Я в тот год руководила экспертным советом «Золотой маски» и оказалось, что при разных эстетических вкусах все эксперты едины в одном: увлеченности социальным театром. В итоге в тот год в номинации «Эксперимент» современный театр был представлен во всех формах театра социального. В «Отдаленной близости» «особые» артисты и обыкновенные любители танцевали в парах, произносили монологи и совместно варили суп, которым в финале кормили зрителей. Рядом в программе был просветительский проект ЦИМа «Алиса и государство». И пластический спектакль об алкозависимости группы Liquid Theatre. И «Акын опера» Театра.doc, где четверо таджиков рассказывали о своих приключениях в Москве, играли на традиционных музыкальных инструментах, — ничего особенного, но рождалось понимание, что люди в оранжевых жилетках, которых некоторые зрители, по правде, и за людей не держат, — наследники культуры великой и гораздо более древней, чем наша.
«Акын-оперу» и «Отдаленную близость» в ряду других социальных спектаклей выделяла одна вещь: безыскусные и подлинные люди на сцене. Они и выиграли в тот год: «Театр.doc» взял спецприз жюри за «Акын-оперу», Афонин взял «Маску» в номинации «Эксперимент»: театральное сообщество признало «особый театр» частью большой культуры.
***
Когда я говорю о подлинности «особых» артистов Наталье Поповой, она морщится: «Почему бы вам не отправиться в зоопарк?»
А Валерий Панюшкин нашел «особый театр» на старинной ярмарке. Когда, выступая на организованной Поповой конференции, Панюшкин сделал доклад о бородатой женщине Присцилле Лотер и сравнил «особый театр» со старинным фрик-шоу, в зале вздрогнули все.
Мысль Панюшкина была пусть шокирующей, но простой: люди испокон веков тяготели к знакомству с иными, чужими, и в этом ничего плохого. Наоборот: ярмарочные шоу уродов так же раздвигали представления обывателя о мире, человеке, о человеческой норме и норме в искусстве, как это делает сегодня инклюзивный театр.
«“Большая культура” пытается уменьшить дистанцию между жизнью и ситуациями в искусстве, чтобы увидеть сам акт, — написала мне Наталья. — А особый театр пытается ее выстроить исходя из особенностей сознания человека с инвалидностью. Вот здесь они и встречаются!.. Это и есть самое интересное в особом театре — ты как у истоков… К сожалению, этот процесс заменяется созданием “упаковки” для участия в придуманном режиссером действии человека с инвалидностью. Чем привычнее упаковка, тем лучше спектакль».
***
В профессиональном театре в России встречей с «другими» был вдохновлен Борис Юхананов. Эстет и мистик, аристократ поискового искусства, Юхананов в середине девяностых пустился в серию проектов под общим названием «Дауны комментируют мир».

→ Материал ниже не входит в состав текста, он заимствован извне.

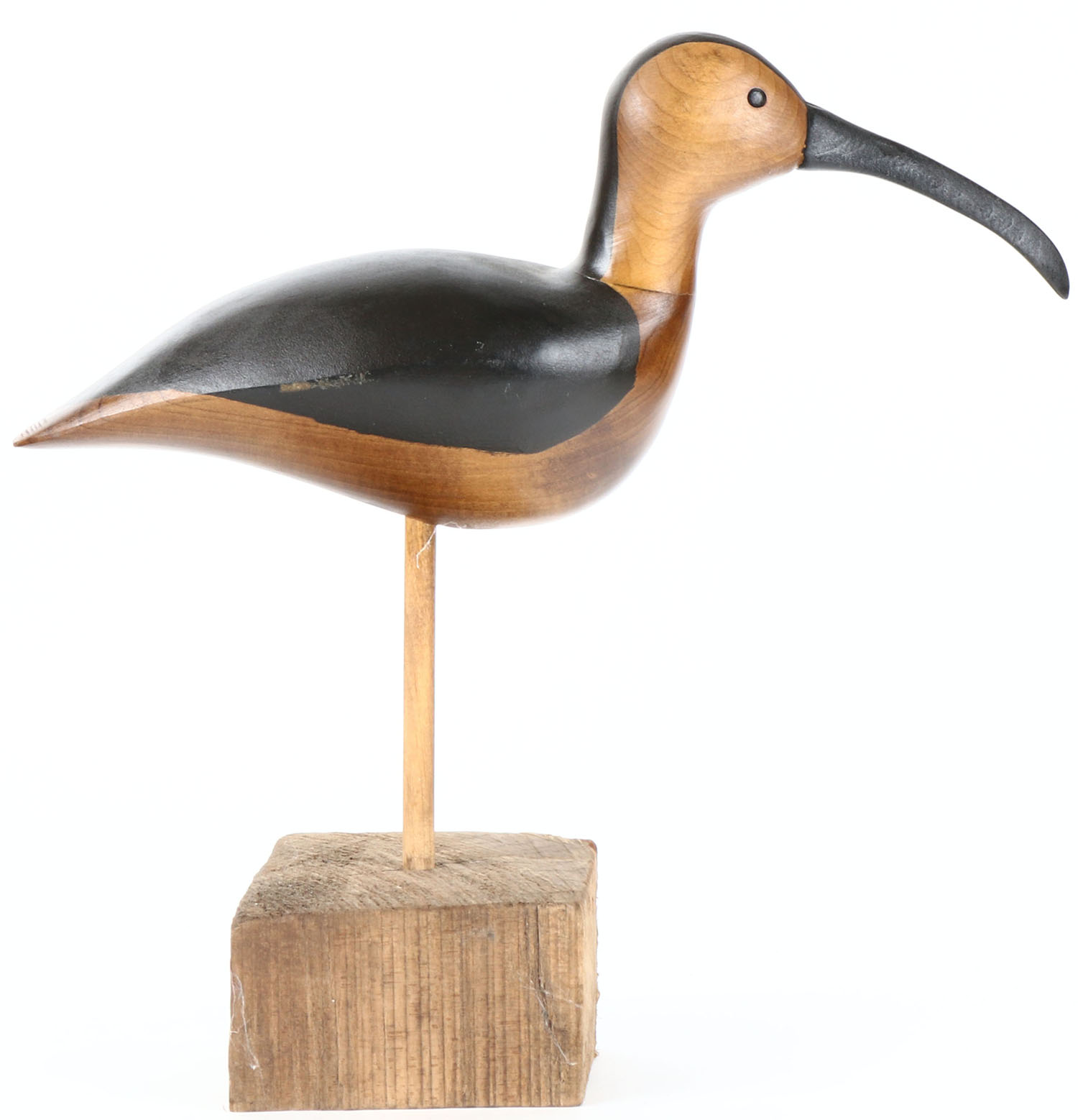 Shorebird by Cabela's, drilled in eyes, solid wood, original stain, structurally excellent, branded by CABELA'S on bottom. Grade: MINT - Value: 10 to 30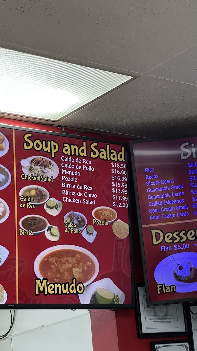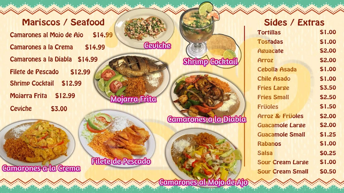 Seafood aficionados will appreciate the Seafood Soup Combination, a robust medley of the ocean’s finest, excellently complemented by the flexibility of choosing between corn or flour tortillas, available for $17. And for those who delight in fresh, cold flavors, the Ceviche at $3.50 is a must-try, perfect for a light snack or appetizer.

«Рудольф Штайнер замечательно сказал, что в людях с даун-синдромом завершено построение морального тела. В этом смысле они – люди будущего… Язык этих детей, в каком-то смысле, оказывается праязыком, то есть, если внимательно вслушиваться в то, как они говорят, можно обнаружить такого типа лингвистические конструкции, которые свойственны скорее не человеку, а священной книге».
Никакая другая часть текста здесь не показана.